▶ [PROVIDED RECORDS]
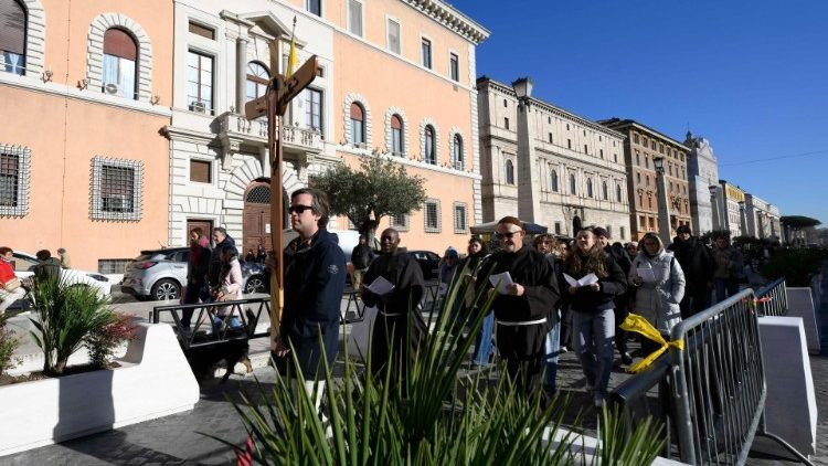 Több száz csoport már megtette a zarándoklatot: a megújult Piazza Piáról indulva, a menet élén a jubileumi kereszttel, imádkozva ment végig a Via della Conciliazionén, egészen a bazilikáig.
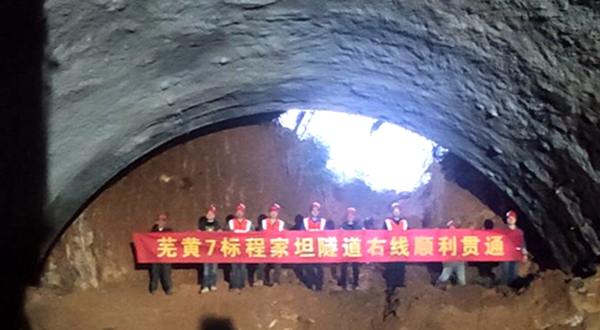 蕪黃高速07標(biāo)首條隧道右線順利貫通
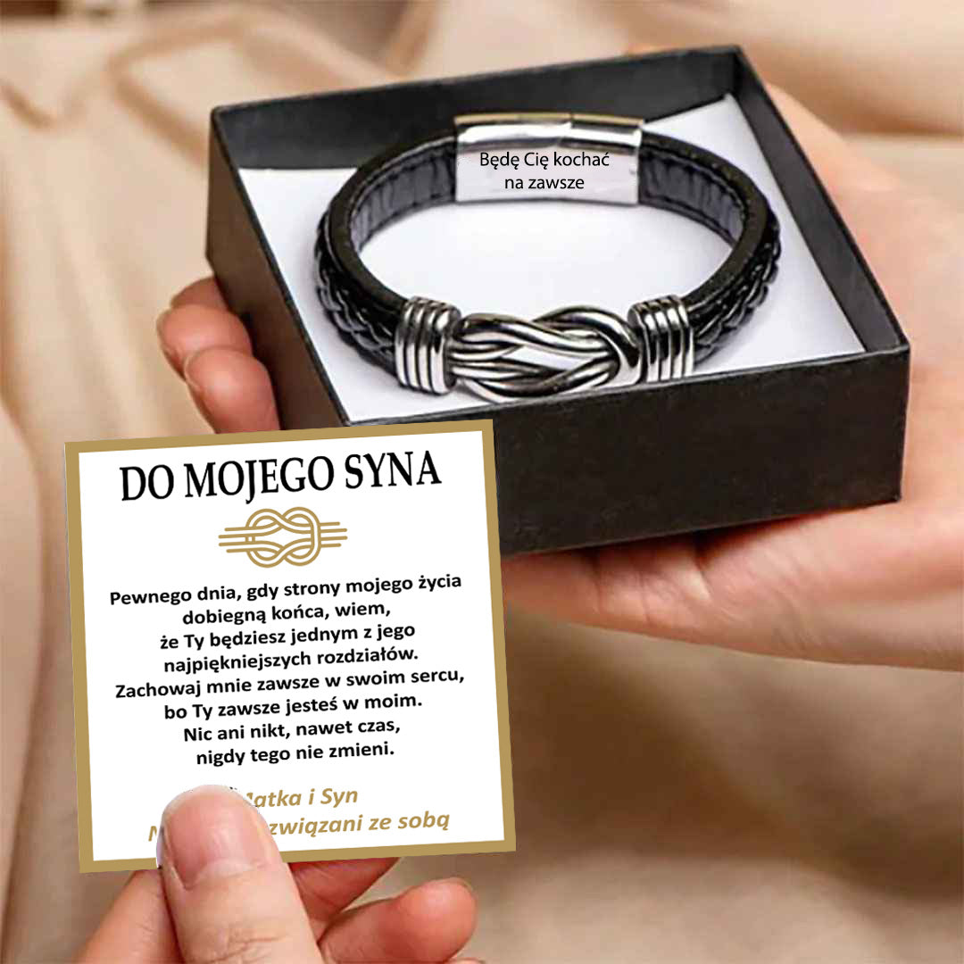 Ta bransoletka z węzłem nieskończoności jest potężnym symbolem Twojej wiecznej miłości i bezwarunkowego wsparcia dla syna, które może nosić każdego dnia. Doskonale łączy styl i emocje, pokazując, że zawsze jesteś przy nim – na każdym kroku jego drogi.
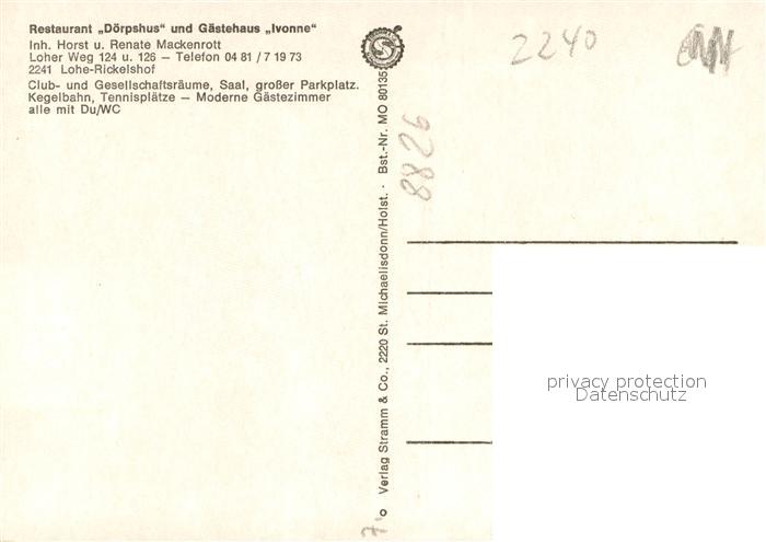 73641858 Rickelshof Lohe Gaestehaus Ivonne Restaurant Doerpshus Gaststube Zimmer postalisch nicht gelaufen Erhaltung siehe scans [WerneD78] KatCode: 11110001051069
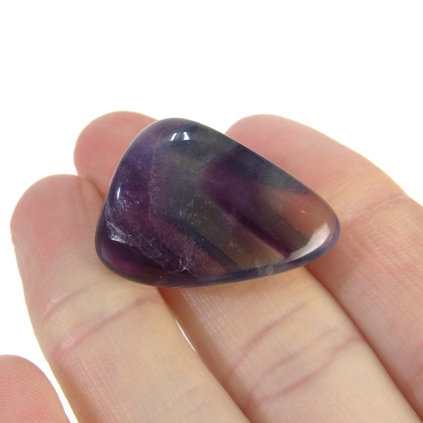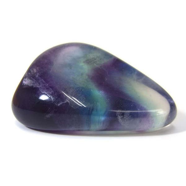マルチカラーフローライト、タンブルです。 大変透明度が高く、いろいろなカラーの色彩が見られます。蛍石の名前の通り、様々な角度からその美しさを楽しむことができます。光にかざして透かすと、カラーが複雑に入り乱れており、そのグラデーションが大変きれいです。

▶ [WHAT TO WORK ON] Output the entries above verbatim, leaving out images.

▶ [SOLUTION FOR THIS EXERCISE]
 Több száz csoport már megtette a zarándoklatot: a megújult Piazza Piáról indulva, a menet élén a jubileumi kereszttel, imádkozva ment végig a Via della Conciliazionén, egészen a bazilikáig.
 蕪黃高速07標(biāo)首條隧道右線順利貫通
 Ta bransoletka z węzłem nieskończoności jest potężnym symbolem Twojej wiecznej miłości i bezwarunkowego wsparcia dla syna, które może nosić każdego dnia. Doskonale łączy styl i emocje, pokazując, że zawsze jesteś przy nim – na każdym kroku jego drogi.
 73641858 Rickelshof Lohe Gaestehaus Ivonne Restaurant Doerpshus Gaststube Zimmer postalisch nicht gelaufen Erhaltung siehe scans [WerneD78] KatCode: 11110001051069
マルチカラーフローライト、タンブルです。 大変透明度が高く、いろいろなカラーの色彩が見られます。蛍石の名前の通り、様々な角度からその美しさを楽しむことができます。光にかざして透かすと、カラーが複雑に入り乱れており、そのグラデーションが大変きれいです。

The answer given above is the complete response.